Brad and I parted company, and with the weather moving in, and no work scheduled for Monday, I elected to hunt right up until sundown. Belle was raring to go again, and with our lack of grouse contacts earlier, I decided to end the day at a guaranteed pheasant spot. The spot didn’t disappoint, nor did the little dog. Back at the truck I once again checked the GPS unit…it read 25 miles. Belle had covered 25 miles in essentially two hunting spots.

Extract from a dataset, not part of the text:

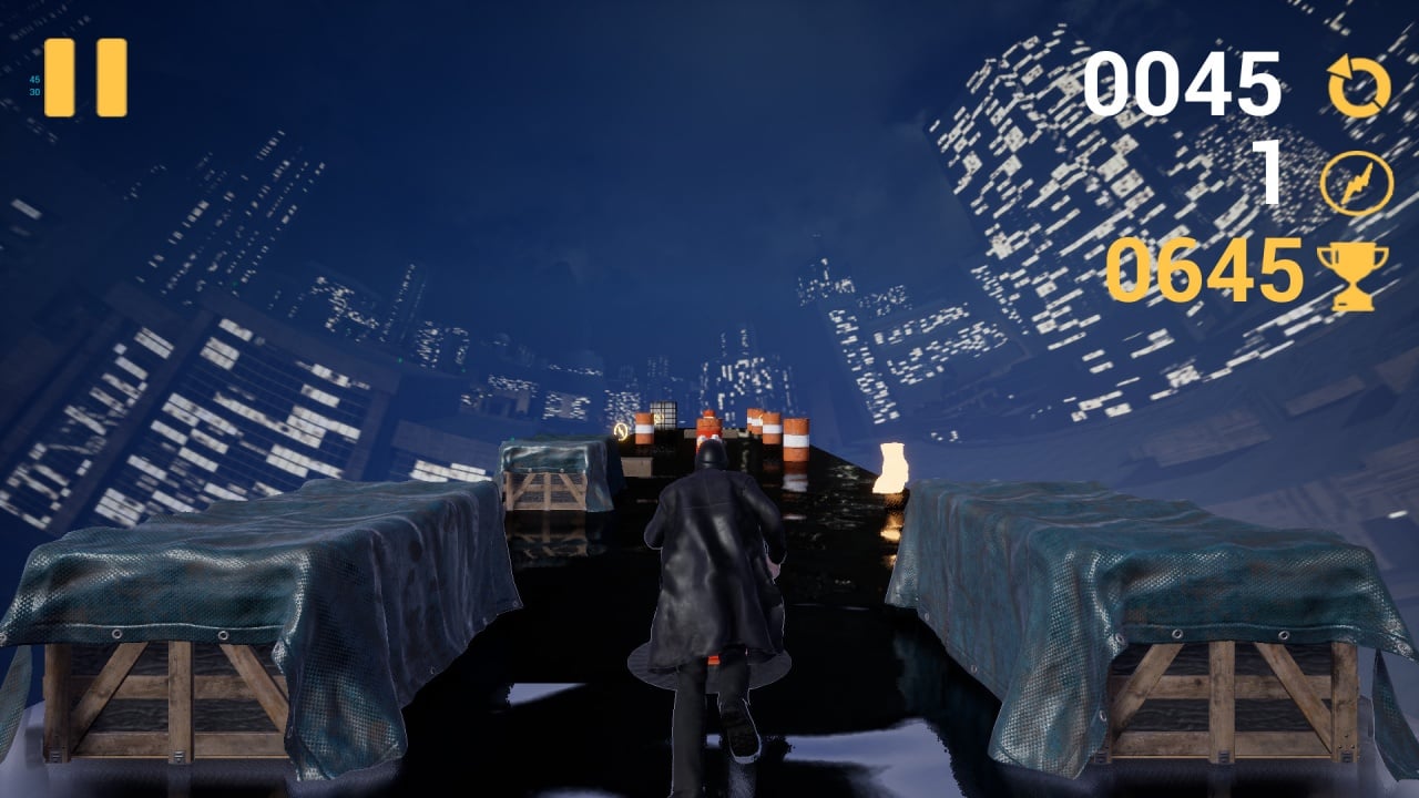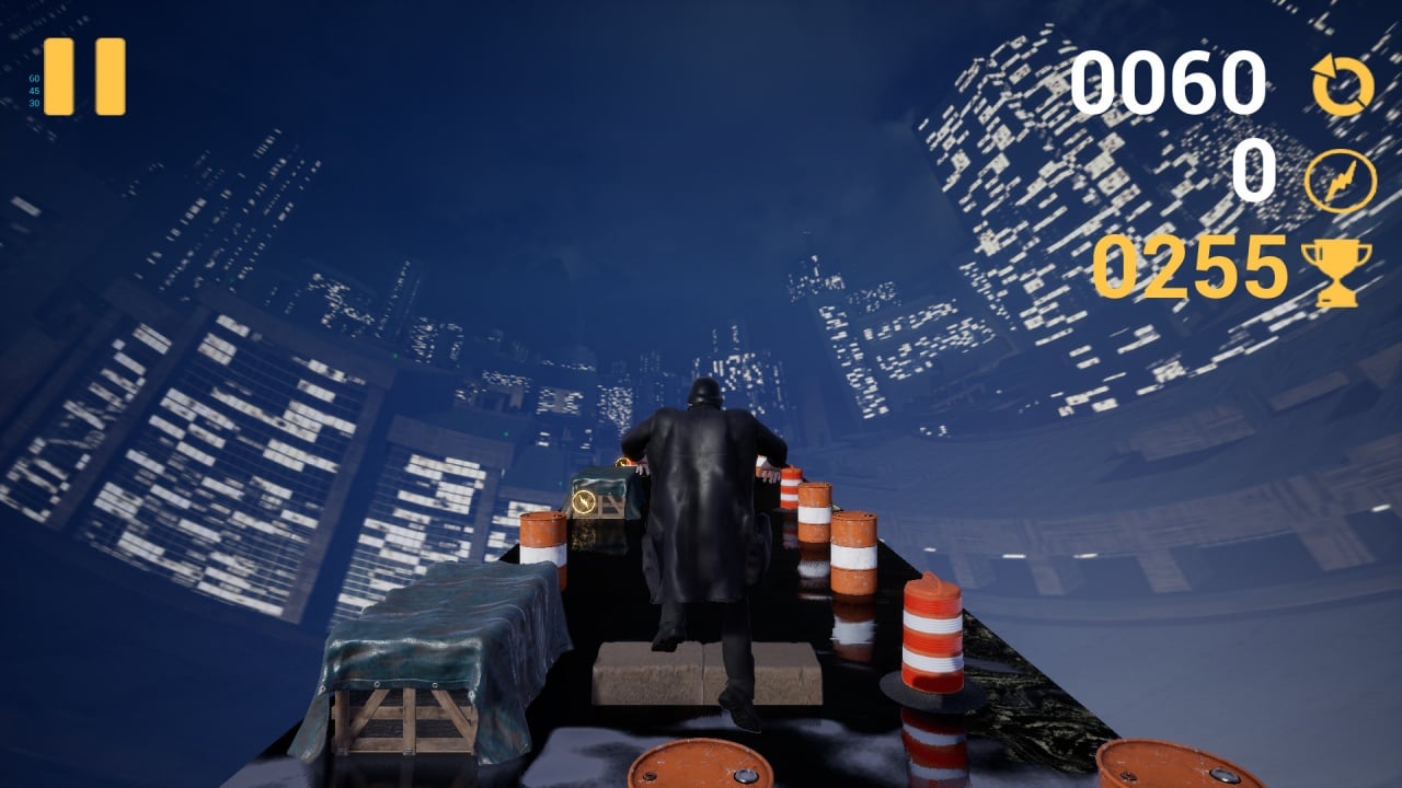 По локации разбросаны бонусы, которые важно собирать для достижения наилучшего результата. В правом углу отображается счет за преодоленные ловушки и количество собранных монет. Пользователь может в любой момент ознакомиться с таблицей лидеров и лучшими временами забегов. Также доступны личные рекорды и общая статистика игры.

I have been running the Astro for two years and had never really checked this little stat screen, mainly because I didn’t know it existed, and I hadn’t been resetting the information until this year’s hunts. Maybe this total is actually low for Belle, but it still amazed me. Having run a marathon, I know what it’s like to cover that distance in the best of conditions with the best of support and months of training for that one event. My amazing Belle had just done it running through cover, full-tilt (averaging between 10-15 mph) in unforgiving terrain. The feat unto itself was amazing, but the fact that she could have turned around and done it multiple days on end blows my mind.
I know I say it a lot…these dogs are athletes in the truest sense of the word.